Volvo Cars is stepping up to meet the demands of its core customers with the unveiling of the exciting S60 Cross Country at the Detroit Auto Show.

Back in 1997, when Volvo was the first premium brand to introduce an all-road capable variant of its successful estates, no one could predict the future success of the crossover concept. Today, the crossover is ubiquitous and has helped to define a whole new category of lifestyle vehicle. Volvo is once again taking a bold step forward - this time in the sedan segment - with the unveiling of the S60 Cross Country - the first premium saloon with the same level of capability and rugged design cues of the renowned Cross Country estates.









"We want to further explore the market with our Cross Country brand. We did this back in 1997 with the V70 Cross Country and it led to the birth of a whole new segment. We have included all the capability-driven benefits of the Cross Country brand in this new model, while offering a completely unique expression of adventure and all-road readiness in a distinctly sporty and stylish package," says Lex Kerssemakers, Senior Vice President Product Strategy and Vehicle Line Management at Volvo Cars.








Capable stance

Like the recently announced V60 Cross Country, the S60 Cross Country shares an increased ride height of 65mm (2.5 inches) and comes with the same capable All-Wheel Drive underpinnings of its sibling, making it the only truly capable and stylish all-road saloon crossover on the market. The S60 Cross Country will also be available with front-wheel drive in the UK and selected markets.

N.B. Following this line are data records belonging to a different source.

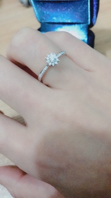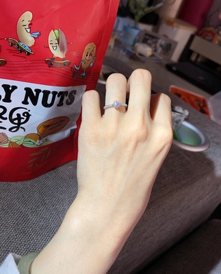 很好不错。美美的。钻石很闪。款式比较日常,不夸张,中间有点小插曲,商家很负责,售后做的很到位。刚开始比较犹豫。后来决定买也是服务和品质让我选择它。是给自己的一个小礼物。正好赶上活动价格也很合适,选的50分的。这个尺寸对于我这种小手比较合适。这款还比较显钻。耐看型
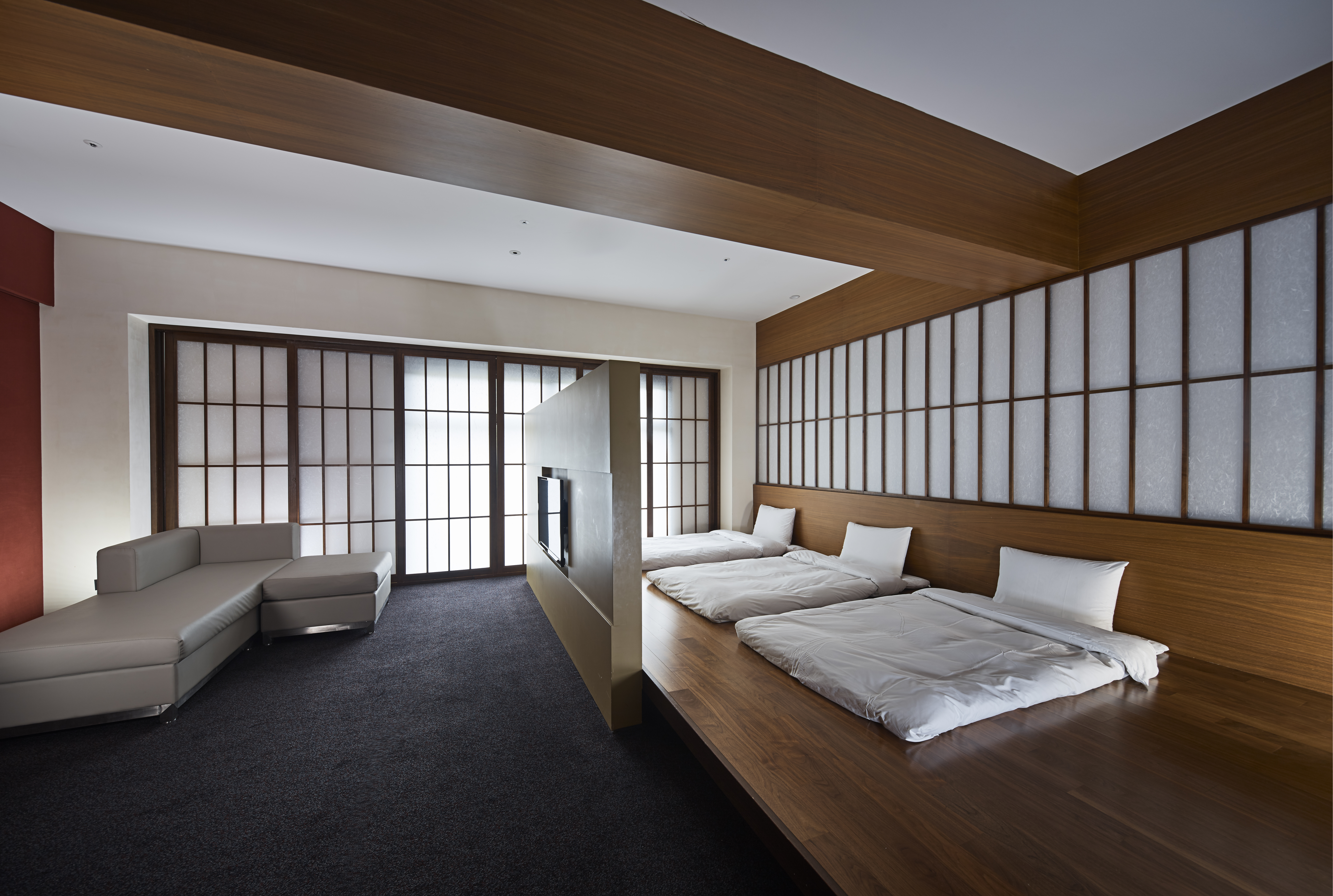 매트리스 침대가 아닌 평상형 바닥 공간을 선호하시는 분들께 더욱 편안한 잠자리가 되도록 고급 바닥재를 사용한 스위트 객실도 구비하였습니다. 침대가 없는 것만으로도 객실이 더욱 특별해지는 전통적인 디자인 컨셉트의 객실에서의 하루의 피로를 풀어보세요.
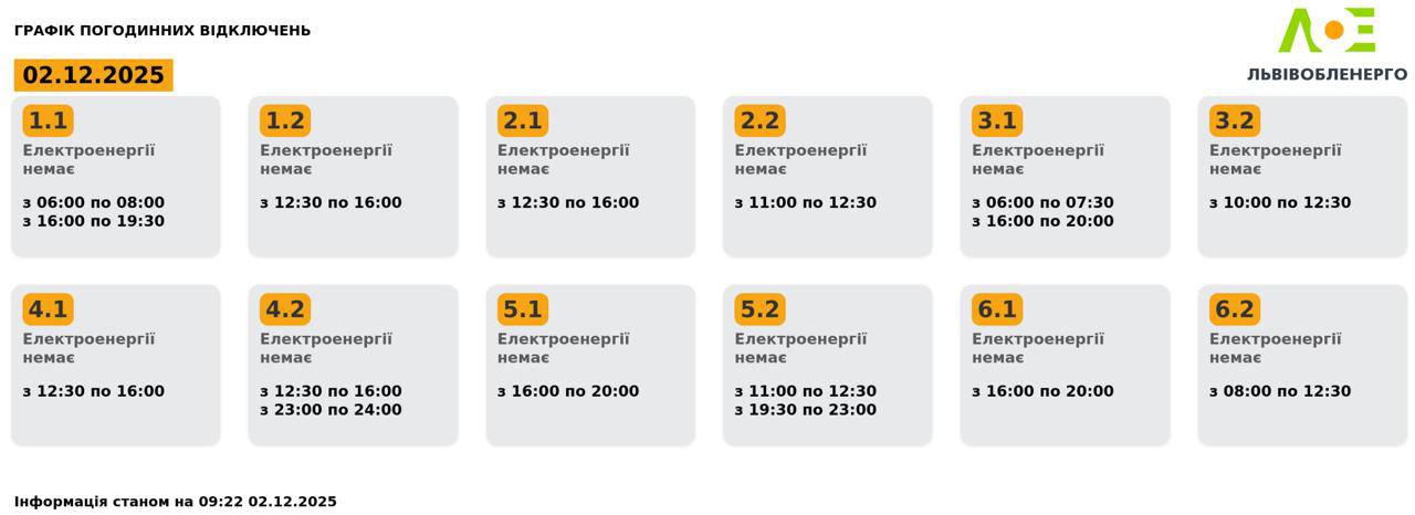 Графики отключений во Львовской области 2 декабря
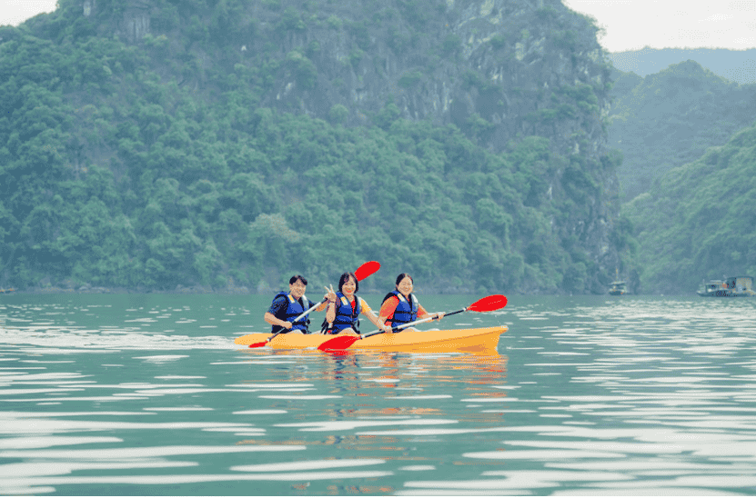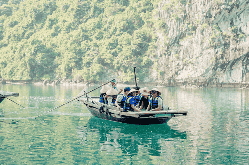 15:00 | Mingling yourself in the stunning views of the Bay and its dramatic limestone islets as we sail through the calm emerald waters heading to Dark & Bright Cave (Hang Sang & Toi). Customers will participate in outdoor activities and choose options between Kayaking Or sitting on a bamboo boat for about 1 hour.
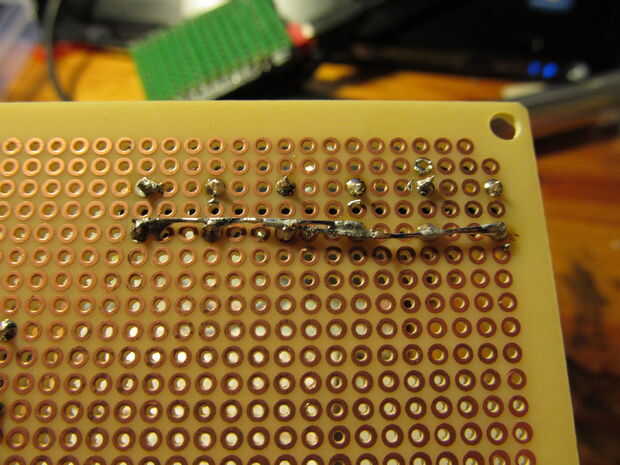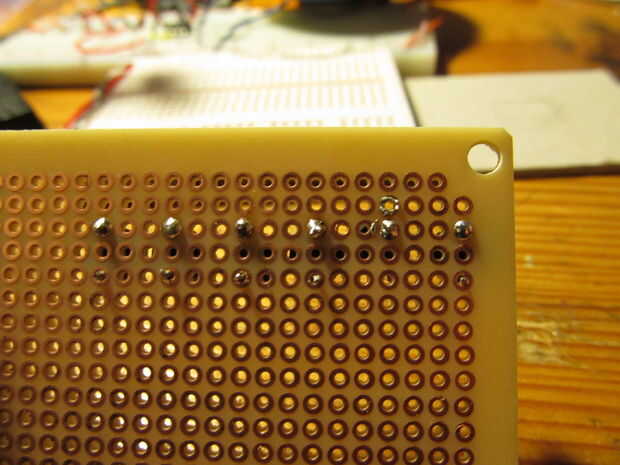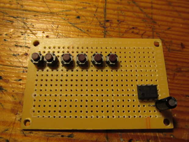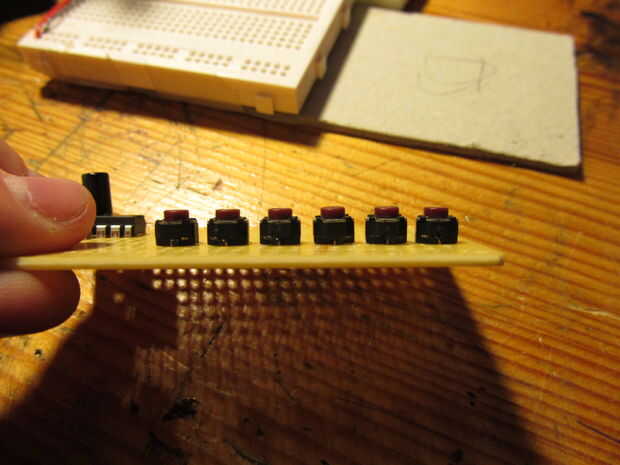 yo primero poner los botones en una línea en la parte superior. que había que dejar sitio para que las resistencias ir a lo largo de la parte superior así que salí dos filas repuestas arriba los buttons.i utilizar los cables que había corte del condensador a conectar los negativos de los botones.
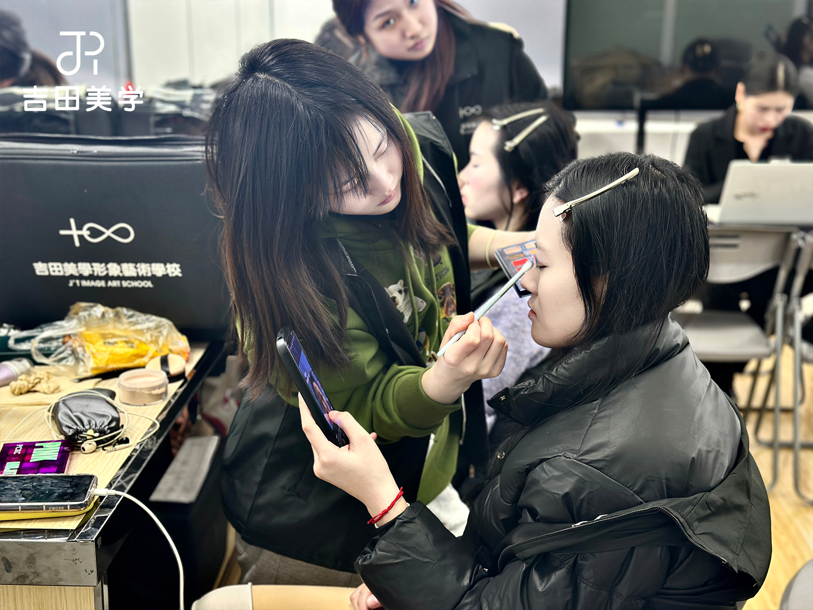 - 教学体系精细化:吉田美学采用纯小班授课模式,师生配比高,老师可实时一对一纠正底妆卡粉、眼妆晕染不均等新手常见问题;支持免费终身复训,打破多数机构一次付费单次学习限制,学习更有保障。
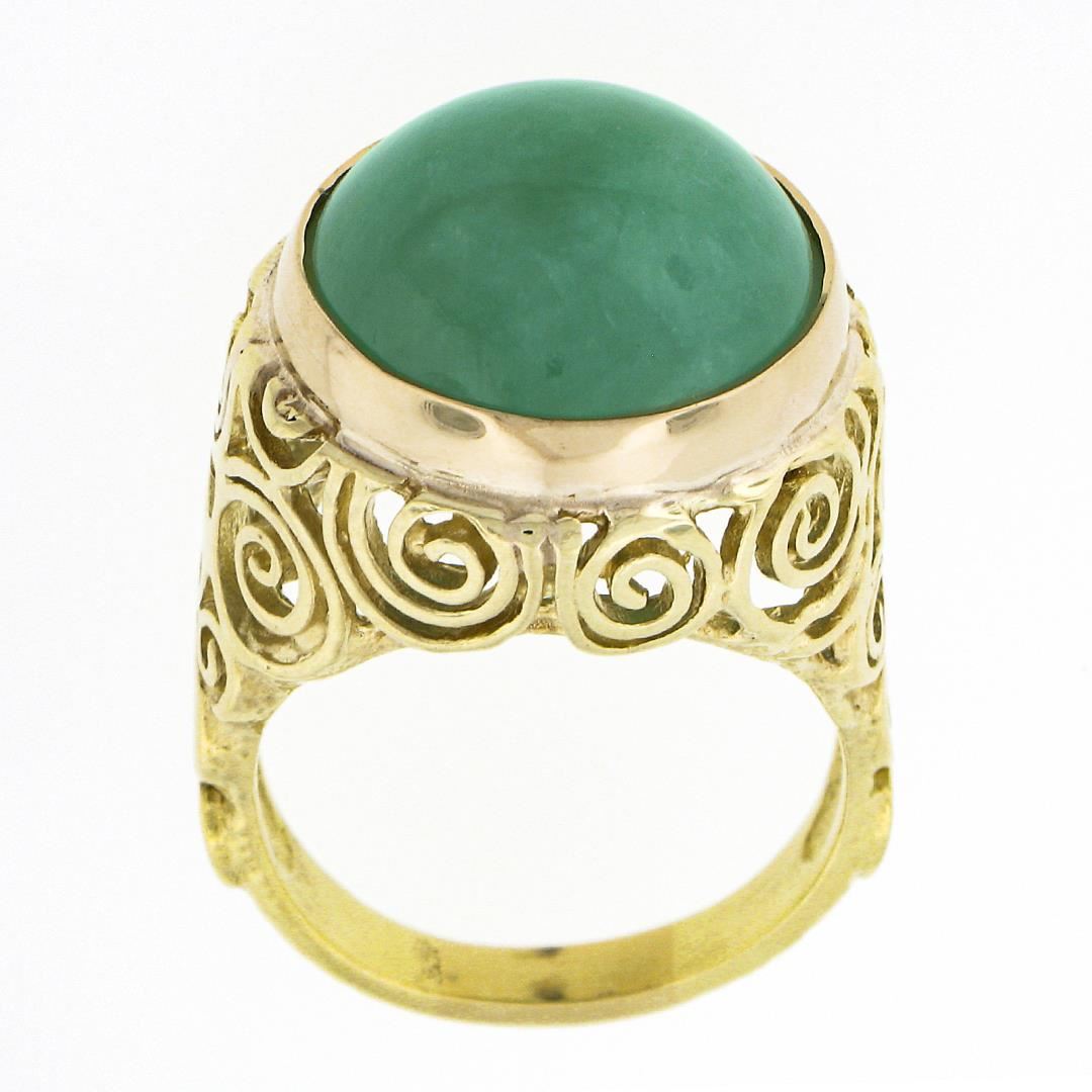 a solid 14k yellow gold open work ring, with 1 round cabochon cut natrual jade (16mm ). The ring is size 9.0, weighs a total of 13.19 grams, and measures 20mm wide.

"The S60 Cross Country is the sole contender in the crossover saloon segment. We have identified a clear niche in the market for a more capable saloon with rugged styling cues and a higher stance. The S60 Cross Country will appeal to people that are searching for an exciting and capable saloon, whilst enjoying the clear benefits that a crossover offers," says Alain Visser, Senior Vice President Sales, Marketing and Customer Service.

Reflecting Volvo's love of nature and Scandinavian heritage, the S60 Cross Country offers both 18" and 19" wheels with high profile tyres that add both comfort and all-road aesthetics, reduce road noise, and add increased wheel protection when needed.

Delivering an involved and focused driving experience with rugged substance, this dynamic design brings a sporty, unconventional and adventurous edge to the saloon concept.

Pricing is expected to be announced and order books will open during Qtr 2. Deliveries are expected to commence from July.

Powertrain

The S60 Cross Country will launch with the Front-Wheel Drive 190 hp diesel D4, based on Volvo's class-leading Drive-E powertrain architecture, offering a no-compromise blend of efficiency and performance in European markets. A diesel All-Wheel Drive D4 will also be launched based on the proven 2.5L 5-cylinder diesel engine. The S60 Cross Country is expected to be available to order by early summer


----------